Collected data entries
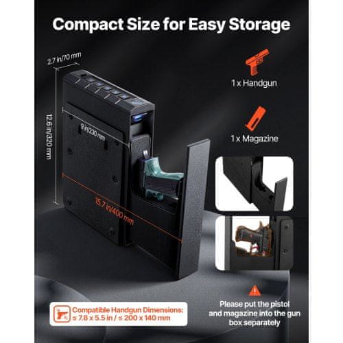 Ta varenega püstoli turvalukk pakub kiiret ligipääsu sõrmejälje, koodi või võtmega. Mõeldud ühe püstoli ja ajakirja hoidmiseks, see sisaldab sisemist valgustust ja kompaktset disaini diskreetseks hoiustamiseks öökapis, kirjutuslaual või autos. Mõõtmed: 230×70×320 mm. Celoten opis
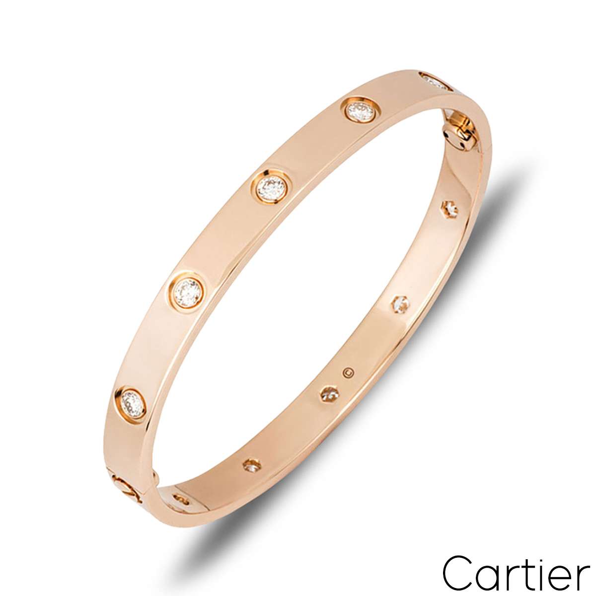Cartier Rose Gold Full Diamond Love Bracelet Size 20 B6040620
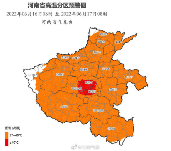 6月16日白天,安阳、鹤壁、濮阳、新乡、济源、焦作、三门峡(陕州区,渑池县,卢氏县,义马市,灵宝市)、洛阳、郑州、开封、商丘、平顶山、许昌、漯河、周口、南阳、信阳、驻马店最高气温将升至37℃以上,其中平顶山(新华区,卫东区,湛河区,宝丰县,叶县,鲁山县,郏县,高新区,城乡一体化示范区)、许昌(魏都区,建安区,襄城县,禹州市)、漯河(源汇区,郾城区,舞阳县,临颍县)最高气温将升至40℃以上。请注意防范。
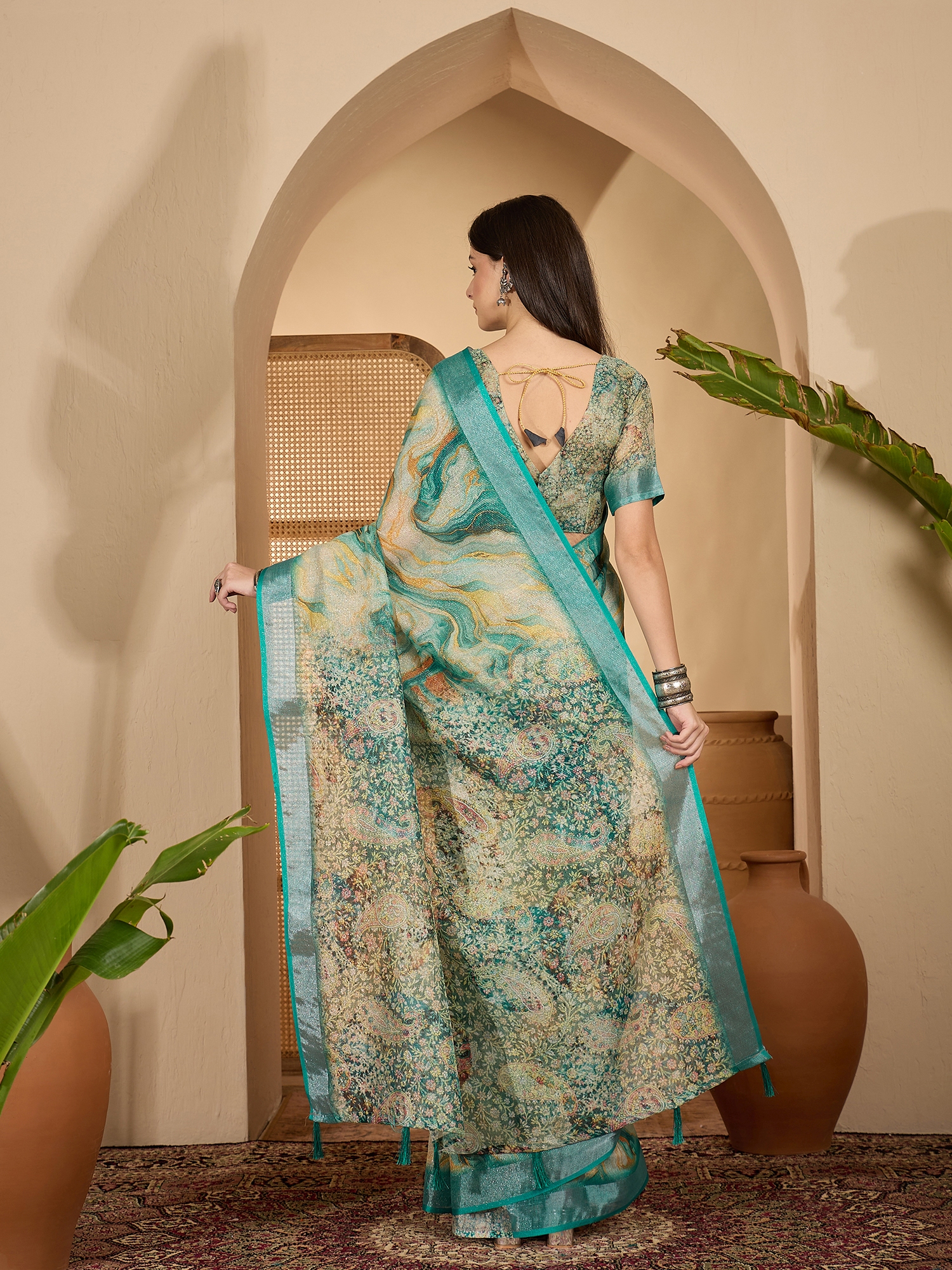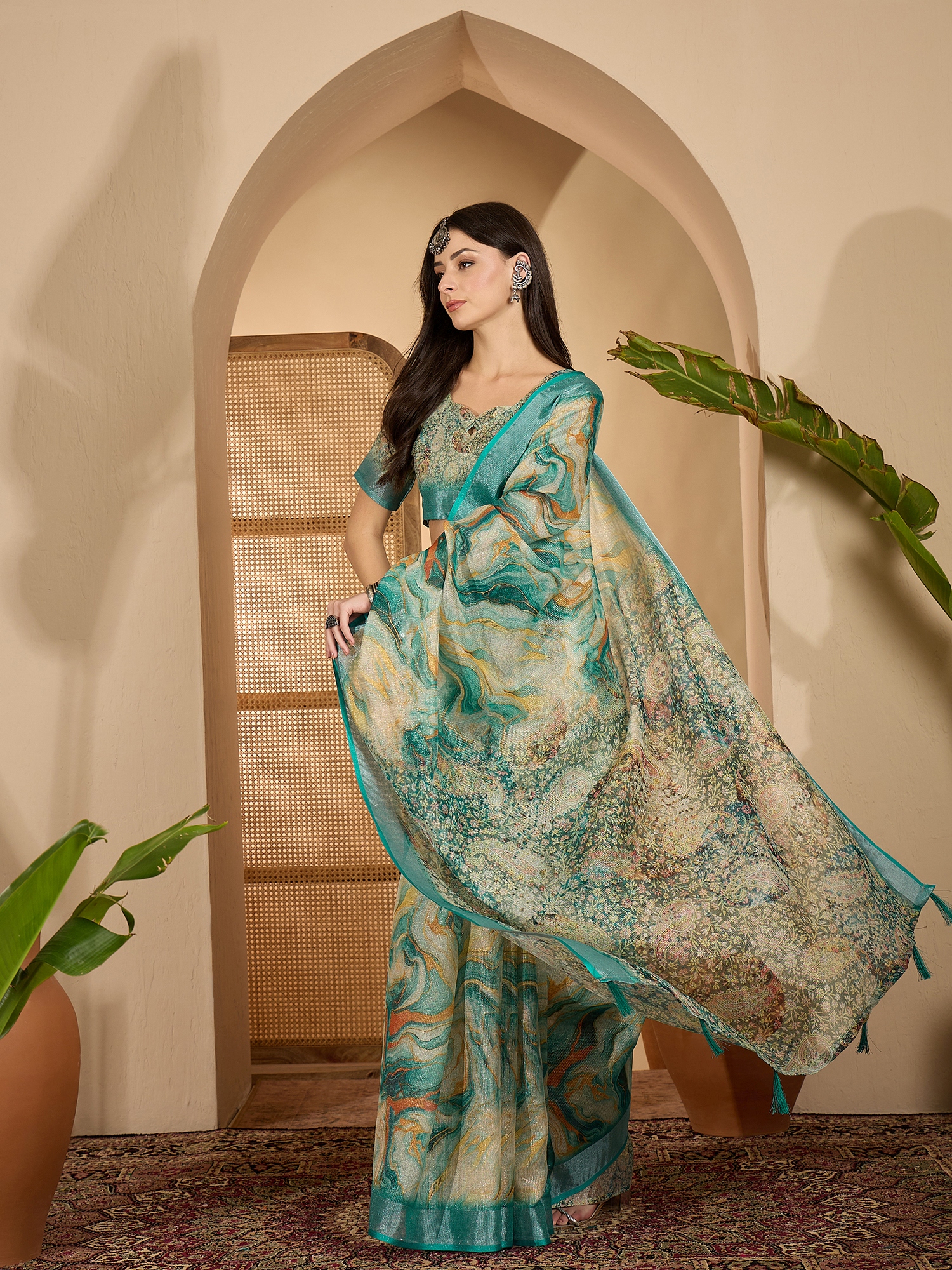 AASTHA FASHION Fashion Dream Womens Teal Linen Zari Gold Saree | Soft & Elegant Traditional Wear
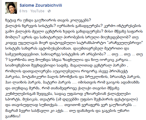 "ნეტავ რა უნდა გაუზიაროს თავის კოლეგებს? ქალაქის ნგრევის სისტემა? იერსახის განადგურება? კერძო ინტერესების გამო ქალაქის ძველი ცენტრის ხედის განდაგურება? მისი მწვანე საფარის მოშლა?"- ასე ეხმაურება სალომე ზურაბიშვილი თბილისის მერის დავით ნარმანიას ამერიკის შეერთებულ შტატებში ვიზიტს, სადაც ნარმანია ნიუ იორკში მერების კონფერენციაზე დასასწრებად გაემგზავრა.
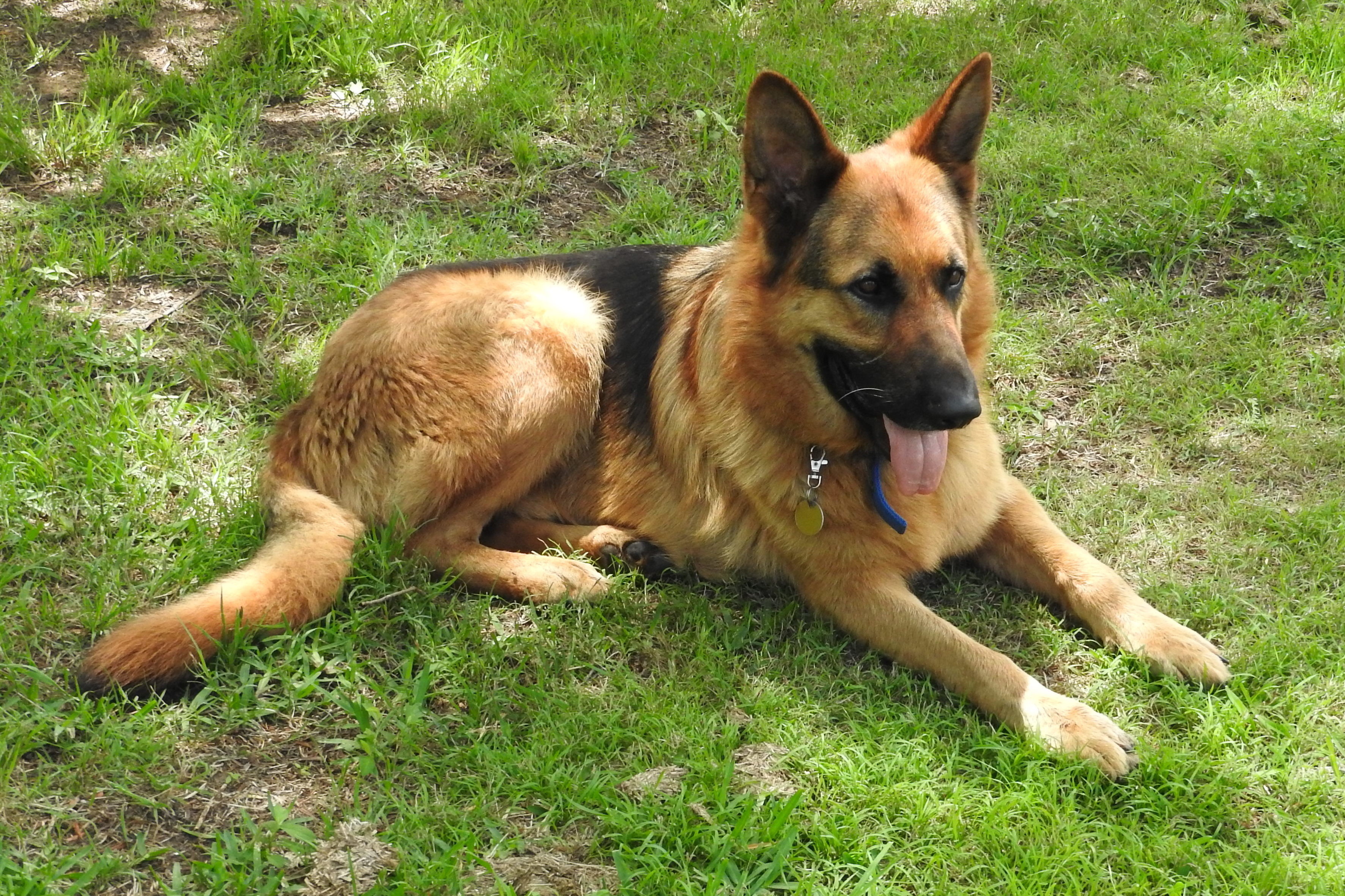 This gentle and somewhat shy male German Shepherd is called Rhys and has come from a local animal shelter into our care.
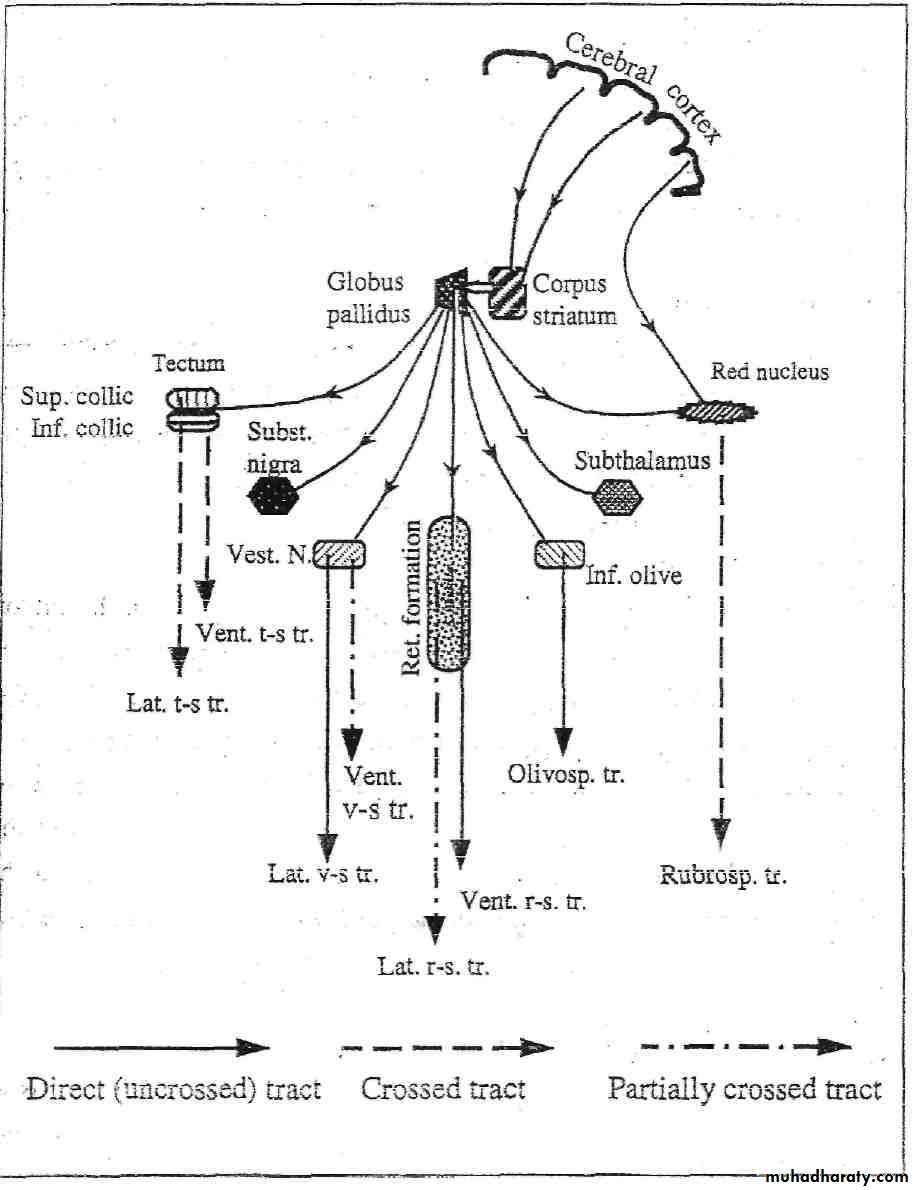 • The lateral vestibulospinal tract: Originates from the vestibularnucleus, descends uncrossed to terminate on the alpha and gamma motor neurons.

■ WHAT IS REQUIRED:
If the data includes images, skip them and copy every line exactly.

■ EXERCISE ANSWER:
 Ta varenega püstoli turvalukk pakub kiiret ligipääsu sõrmejälje, koodi või võtmega. Mõeldud ühe püstoli ja ajakirja hoidmiseks, see sisaldab sisemist valgustust ja kompaktset disaini diskreetseks hoiustamiseks öökapis, kirjutuslaual või autos. Mõõtmed: 230×70×320 mm. Celoten opis
Cartier Rose Gold Full Diamond Love Bracelet Size 20 B6040620
 6月16日白天,安阳、鹤壁、濮阳、新乡、济源、焦作、三门峡(陕州区,渑池县,卢氏县,义马市,灵宝市)、洛阳、郑州、开封、商丘、平顶山、许昌、漯河、周口、南阳、信阳、驻马店最高气温将升至37℃以上,其中平顶山(新华区,卫东区,湛河区,宝丰县,叶县,鲁山县,郏县,高新区,城乡一体化示范区)、许昌(魏都区,建安区,襄城县,禹州市)、漯河(源汇区,郾城区,舞阳县,临颍县)最高气温将升至40℃以上。请注意防范。
 AASTHA FASHION Fashion Dream Womens Teal Linen Zari Gold Saree | Soft & Elegant Traditional Wear
 "ნეტავ რა უნდა გაუზიაროს თავის კოლეგებს? ქალაქის ნგრევის სისტემა? იერსახის განადგურება? კერძო ინტერესების გამო ქალაქის ძველი ცენტრის ხედის განდაგურება? მისი მწვანე საფარის მოშლა?"- ასე ეხმაურება სალომე ზურაბიშვილი თბილისის მერის დავით ნარმანიას ამერიკის შეერთებულ შტატებში ვიზიტს, სადაც ნარმანია ნიუ იორკში მერების კონფერენციაზე დასასწრებად გაემგზავრა.
 This gentle and somewhat shy male German Shepherd is called Rhys and has come from a local animal shelter into our care.
 • The lateral vestibulospinal tract: Originates from the vestibularnucleus, descends uncrossed to terminate on the alpha and gamma motor neurons.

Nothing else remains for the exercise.